**RECORD SET**
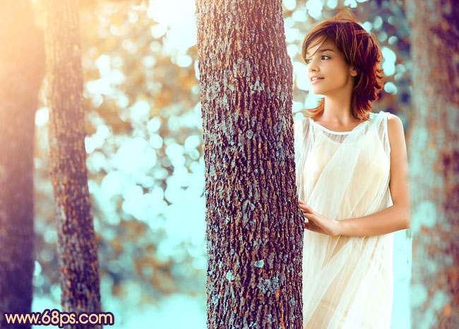 素材图片取景非常不错,不过总体颜色过于单一。可以适当增加高光及暗调部分的颜色来丰富画面。主体颜色可根据自己的喜好选择,最好选灿烂一点的颜色。
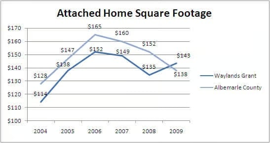 Just like the single family detached homes in Waylands Grant, attached homes have almost mirrored Albemarle County per square foot values from 2004-2008.Yet, 2009 may be a different story. With the townhome and attached home market in Crozet slowing significantly, Waylands Grant hasn’t been immune to the slowdown. In fact, since January of 2008, there have been 10 different attached homes in the neighborhood that have been listed and either were withdrawn or expired. In that same time, only 2 have sold (one of which was a foreclosure) and 1 is currently under contract.
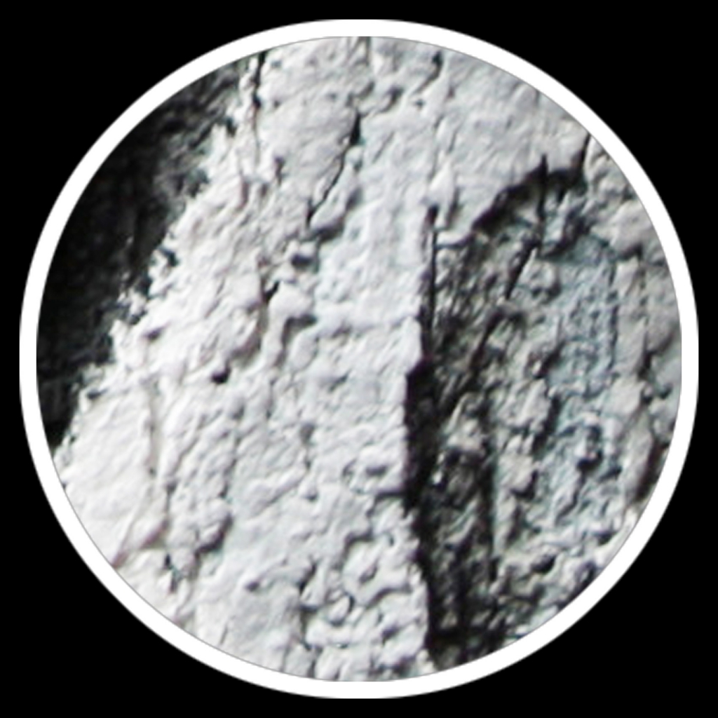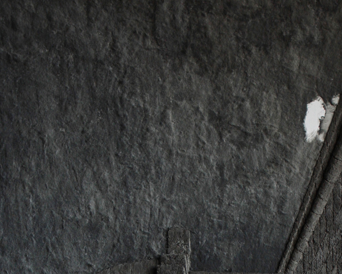 Le noir n’est pas uniforme. Plusieurs noirs sont utilisés et combinés à différents types de matières: noir pour fresque en charge de peinture sur le coton, noir d’ivoire en mélange avec l’eau artificielle ou en charge de peinture sur les parties minérales. Ces noirs entrent en opposition maximale avec le mélange de plâtre, colle et blanc de titane.
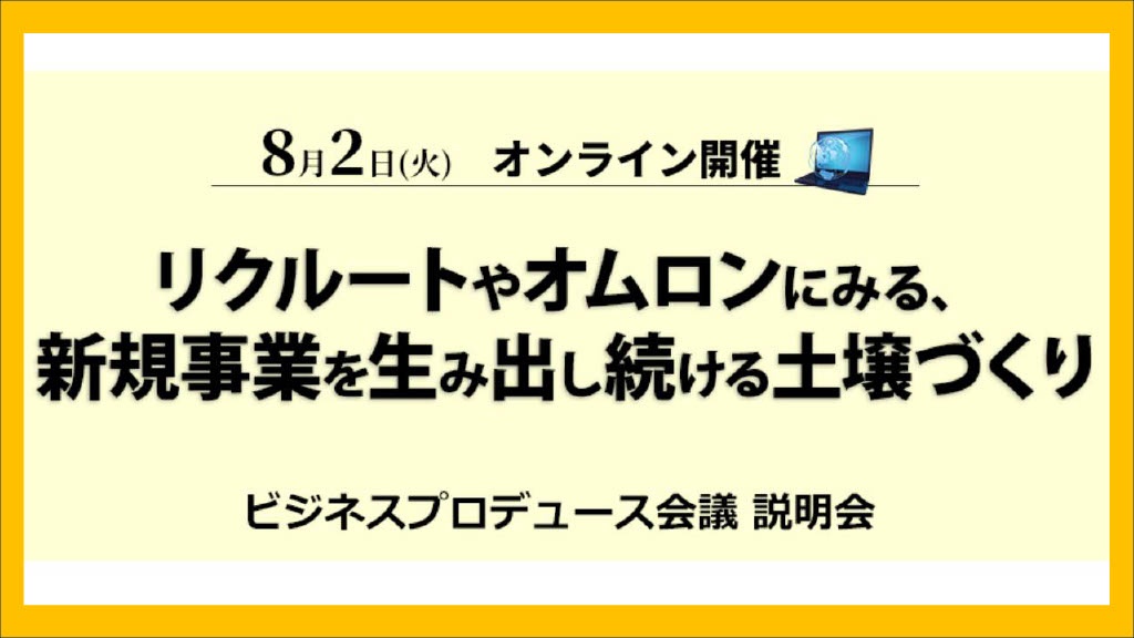 今回はビジネスプロデュース会議 2023年度向け説明会をオンラインで開催します。 説明会では、ビジネスプロデュース会議のプログラムの「今なぜ、ビジネスプロデュースなのか」、 「事業創造における課題」、「リクルートRingを題材に新規事業を生み続ける仕組み」、「オムロンが目指す両利きの経営」などから エッセンスを取り出して、ご紹介します。 ぜひご参加ください。
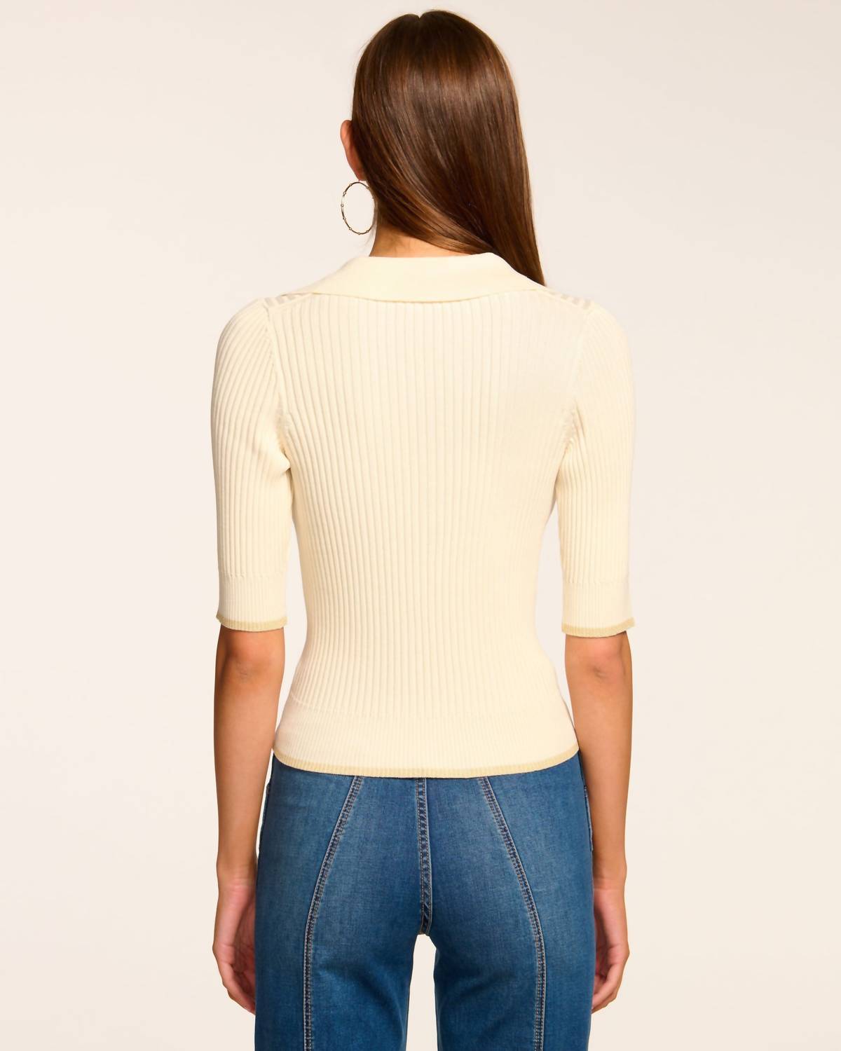 Wear this v-neck sweater with your favorite denim for the perfect fall look. The Kelly Ribbed Short Sleeve Sweater by Ramy Brook is a chic addition to your wardrobe, offering both versatility and a touch of elegance in ivory. Crafted from a textured viscose blend, this slightly short silhouette features a metallic trim V-neck with a collar, perfect for pairing with high-waisted pieces. With a pull-on closure, this fitted rib-knit design is a stylish choice for workwear or travel. Care for this garment with dry cleaning to maintain its sophisticated look.
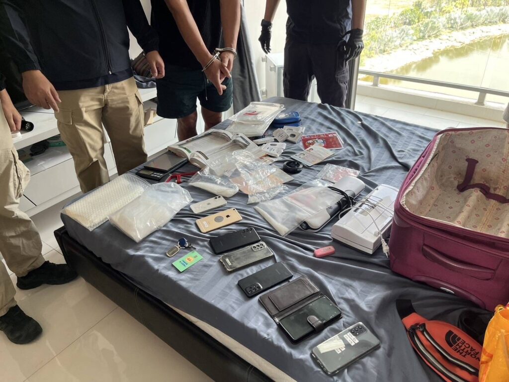 โดยขณะจับกุมได้ตรวจค้นภายในห้องพักพบยาไอซ์กว่า 150 กรัม ซุกซ่อนอยู่ภายในห้องนอน อีกทั้งยัง พบอุปกรณ์โทรศัพท์มือถือ เครื่องสัญญาณ GPS ขนาดเล็ก และอุปกรณ์สำหรับแบ่งจำนวนยาอีกเป็นจำนวนมาก พบของกลางที่ใช้ในการซุกซ่อนยาเสพติด เช่น หนังสือที่เจาะช่องลับตรงกลางเพื่อซุกซ่อนยาเสพติด และส่งเป็นพัสดุจากประเทศไทยส่งไปประเทศเกาหลีใต้ จากการตรวจหนังสือเดินทางยังพบว่า Overstay จึงได้ ร่วมกับเจ้าหน้าที่ ป.ป.ส. จับกุม นายลี ชุน ซัม อายุ 51 ปี สัญชาติ เกาหลีใต้
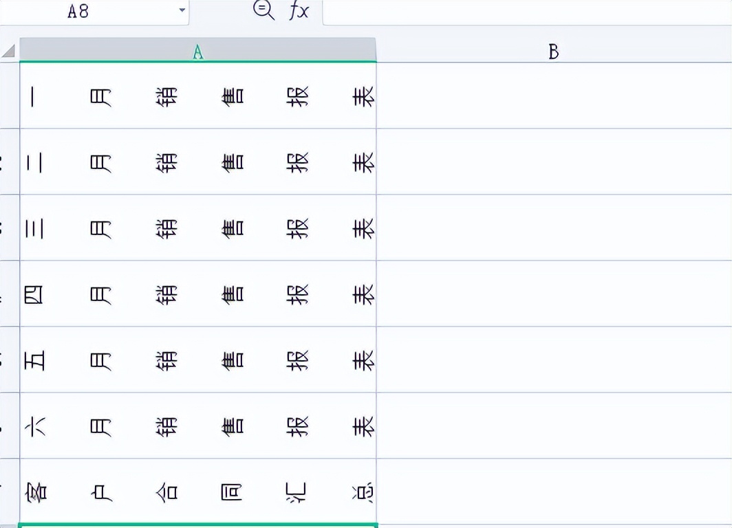 1、首先先将文件标签内容输入在表格中,然后选择全部内容,在工作栏【字体】前面加一个【@】符号,回车。
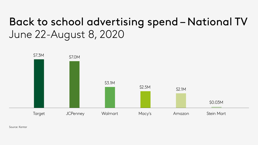 Last year, national back-to-school TV advertising comprised 100 retailers, according to Kantar.
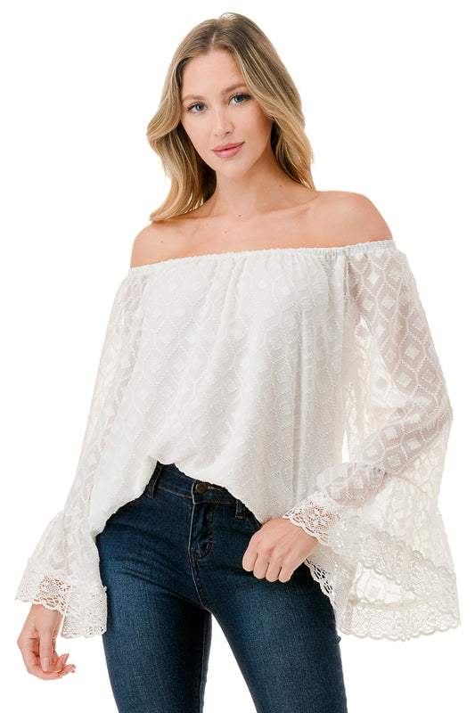 JANE OFF SHOULDER RUFFLE SLEEVE TOP (WHITE / WHITE LACE)- VT3172
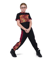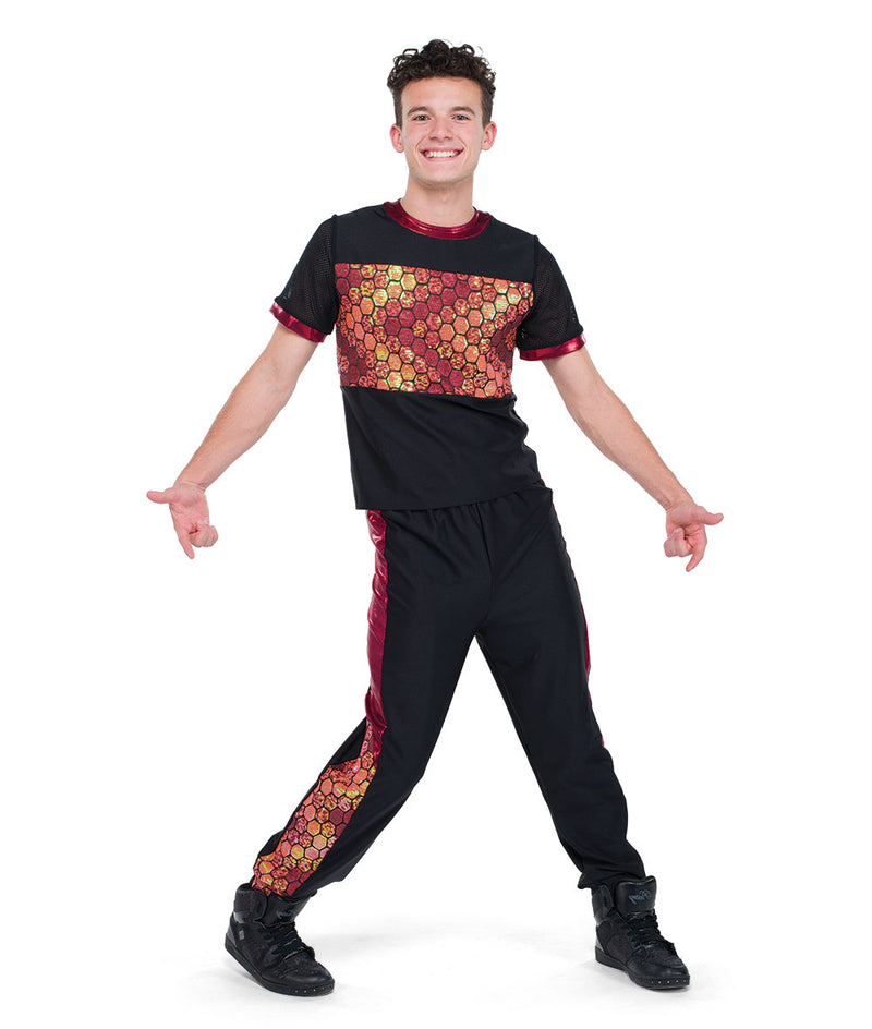 Sequin hexagon pattern, solid spandex and fishnet t-shirt with foil lycra trim. Spandex joggers with foil lycra and sequin hexagon pattern spandex insets. Made in the USA.
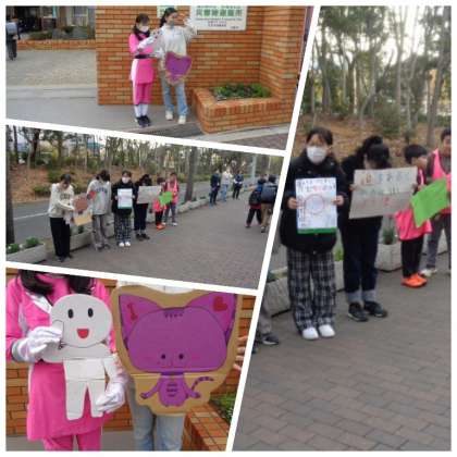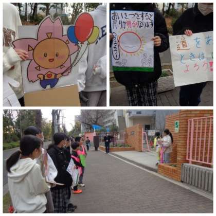 今朝のあいさつ週間の様子です。予報通り寒さの厳しい朝になりましたが、児童会のみなさんはとてもがんばっていました。本日のめあては「自分からあいさつしよう」でした。昨日紹介した「さくらもち」も早速活躍していました。
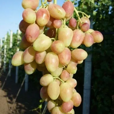 Особого внимания заслуживает окраска. Основной цвет кожицы — светлый, зеленовато-желтый. По мере созревания на ягодах, освещаемых солнцем, проявляется размытый розовый румянец, который может переходить в теплый янтарный оттенок. Из-за неравномерности прокраса гроздь выглядит очень нарядно и «живописно».

**ACTION ITEM**
The reply should hold the entries above from the line with "1、首先先将文件标签内容输入" to the line with "JANE OFF SHOULDER", duplicated exactly, pictures excluded.

**RESULT OF THE TASK**
 1、首先先将文件标签内容输入在表格中,然后选择全部内容,在工作栏【字体】前面加一个【@】符号,回车。
 Last year, national back-to-school TV advertising comprised 100 retailers, according to Kantar.
 JANE OFF SHOULDER RUFFLE SLEEVE TOP (WHITE / WHITE LACE)- VT3172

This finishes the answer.